The economic impact of the pandemic on young Australians has been considerable. The Australian Institute of Health and Welfare (AIHW) reported that of the 592 000 Australian's who lost their jobs in April 2020, more than one‑in-three (38 per cent) were aged between 15–24.
A 2020 survey by the Young Workers Centre, a part of Unions ACT, in which young workers were asked about their experiences of work during the pandemic, revealed similar job loss results. It further shed light on the financial duress young people face:
1 in 3 young workers reported that they were struggling to get enough work to cover the cost of living.
52% saying they were only just getting along, poor or very poor and one quarter pessimistic about their financial future.
To get by, 55% spent less on essentials; 32% borrowed from friends or family; 31% moved back in with family; and, 4% withdrew money from their superannuation.
A further indicator of the disproportionate financial affect the pandemic has had on young people is the rate at which they have accessed early superannuation. More than a third of Australians that have accessed their superannuation early due to coronavirus are under the age of 30. Given that many already work in insecure and casual jobs and therefore may have little super, young people's future retirement may be at risk of being financially unstable, and wholly reliant on the pension for income.
Industry Super Australia has estimated the effect of this early withdrawal, indicating that a 25-year-old who accesses the full $20 000 available under the scheme could lose more than $95 000 from their retirement balance.
In evidence, Executive Officer of the Australian Youth Affairs Coalition, Mr Luke Rycken, described the pandemic as 'creating an economic crisis for young people', which, without proper intervention, will:
… affect young people for the rest of their lives. Young people will experience worse employment prospects for a significant period of time, and those who do find work will still experience less job security, fewer hours and lower wages.
Mr Dan Nahum, an Economist at the Centre for Future Work, said, due to the 'increasing precarity of the Australian labour market over time', young people have faced more difficulty gaining secure employment, which has relegated them to being the 'last hired and first fired'.
Dr Joseph Borlagdan, Principal Research Fellow at the Brotherhood of St Laurence, said that the pandemic has underscored 'ongoing structural challenges' for young people; notably casualisation, underemployment and stalled career mobility. He expressed concern for increased economic hardship and eminence in insecure work for this cohort in the future:
What we're setting up for young people at the moment is a combination of cruel optimism and encouraging young people to invest more in their education so that they will be better off. Research has shown that over the past decade, since the GFC, this hasn't paid off for young people.
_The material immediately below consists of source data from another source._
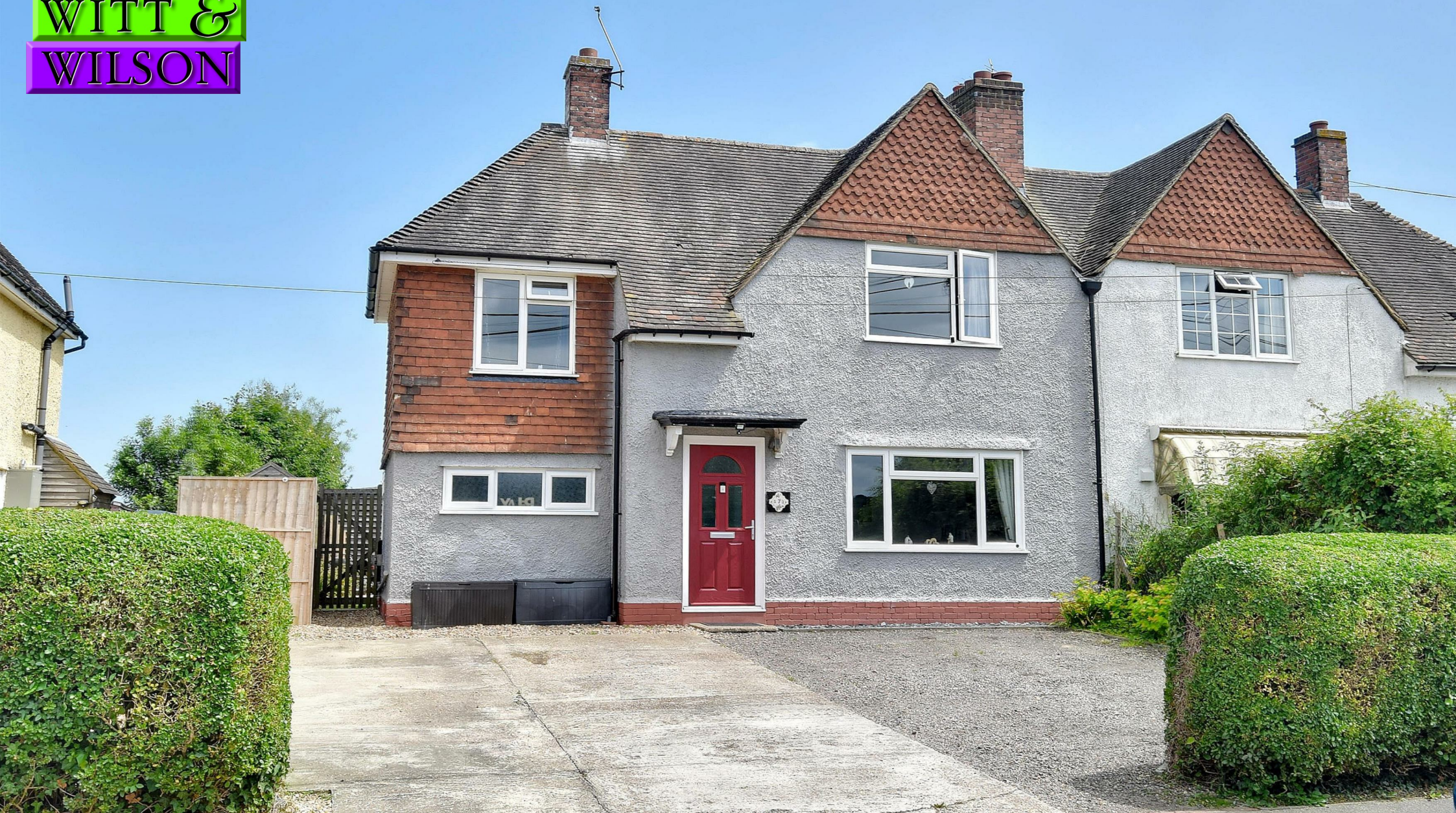
7 Oxney Cottage , Stone, Tenterden, Kent TN30 7JL Offers In The Region Of £375,000 Freehold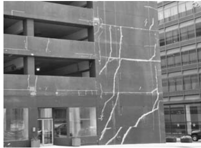
▲ Shear cracks riddle the exterior wall of this urban parking structure.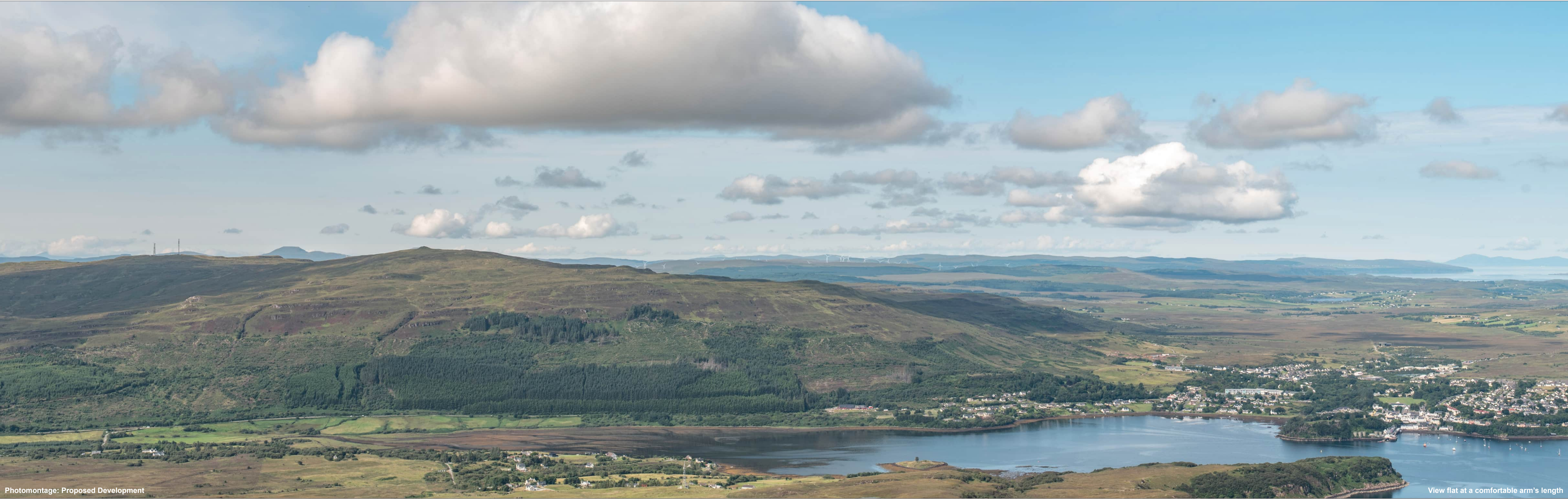
Photomontage: Proposed Development

They're stuck in low-income work and precarious work.
The National and State Youth Peaks submitted a similar concern indicating that many may suffer 'career scarring'—that being, the negative long-term effect that unemployment has on future career prospects—which may as a result:
… increase [the number of] of young people living in Australia who are unable to access long-term stable employment and who will face significant reductions in lifetime career earnings and standards of living, leading to increased mental health issues, homelessness and a sense of hopelessness for the future.
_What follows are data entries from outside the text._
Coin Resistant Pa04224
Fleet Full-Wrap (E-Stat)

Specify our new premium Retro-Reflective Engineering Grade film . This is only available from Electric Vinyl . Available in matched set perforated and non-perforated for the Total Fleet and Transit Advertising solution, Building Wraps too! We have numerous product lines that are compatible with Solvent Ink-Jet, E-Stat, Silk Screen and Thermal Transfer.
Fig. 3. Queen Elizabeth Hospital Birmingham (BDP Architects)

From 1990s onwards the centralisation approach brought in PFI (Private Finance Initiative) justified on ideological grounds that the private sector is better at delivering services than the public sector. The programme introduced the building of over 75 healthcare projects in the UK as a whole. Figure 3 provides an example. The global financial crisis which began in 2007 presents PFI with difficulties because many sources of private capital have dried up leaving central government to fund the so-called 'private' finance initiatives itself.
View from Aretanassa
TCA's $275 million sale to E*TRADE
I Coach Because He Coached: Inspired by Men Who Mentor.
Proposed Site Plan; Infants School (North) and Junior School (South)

The International Labour Organization submitted:
Migrant workers are often first to be laid-off but last to gain access to testing or treatment in line with nationals. They are often excluded from national COVID-19 policy responses, such as wage subsidies, unemployment benefits or social security and social protection measures.
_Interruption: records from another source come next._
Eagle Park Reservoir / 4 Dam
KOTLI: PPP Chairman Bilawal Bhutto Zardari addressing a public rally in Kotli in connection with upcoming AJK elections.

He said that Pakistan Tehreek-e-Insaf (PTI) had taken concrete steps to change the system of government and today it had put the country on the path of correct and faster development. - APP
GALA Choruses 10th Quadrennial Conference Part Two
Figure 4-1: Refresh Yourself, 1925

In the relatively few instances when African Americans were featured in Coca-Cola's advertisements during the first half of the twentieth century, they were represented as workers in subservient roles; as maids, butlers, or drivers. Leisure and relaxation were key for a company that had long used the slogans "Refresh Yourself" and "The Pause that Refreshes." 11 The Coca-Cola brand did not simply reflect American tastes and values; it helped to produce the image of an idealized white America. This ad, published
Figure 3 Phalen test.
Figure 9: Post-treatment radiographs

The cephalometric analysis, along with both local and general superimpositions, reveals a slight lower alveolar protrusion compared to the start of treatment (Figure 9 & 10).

This impacted migrants in Australia during this pandemic, where temporary visa holders lost jobs en masse and were excluded from government payment assistance.
A survey of over 6000 temporary visa holders conducted by the University of Technology Sydney (UTS) and The University of New South Wales (UNSW) found that in the four months from March to July 2020:
70 per cent had lost their jobs or most of their hours/shifts;
40 per cent had been afraid they would become homeless (and 1 in 7 international students had indeed become homeless); and
28 per cent had been unable to pay for meals or food.
These results demonstrate that, prior to the pandemic, temporary visa holders were unable to save enough from their employment to provide for more than a few weeks of expenses following the loss of regular incomes.
Asked by the committee if the circumstances surrounding migrant workers fearing to speak up for, or not knowing their rights, had changed, Mr Matt Kunkel, the Director of the Migrant Workers Centre, said that he had not seen any improvement:
COVID-19, if anything, made it much, much worse. With their exclusion from any type of state support or welfare, they were forced even further into those demanding, dirty and dangerous jobs.
When asked how migrants workers fared during the pandemic, Mr Tim Petterson, a coordinator at Hospo Voice said that in 'every way migrant workers were hit harder than any other category of worker'.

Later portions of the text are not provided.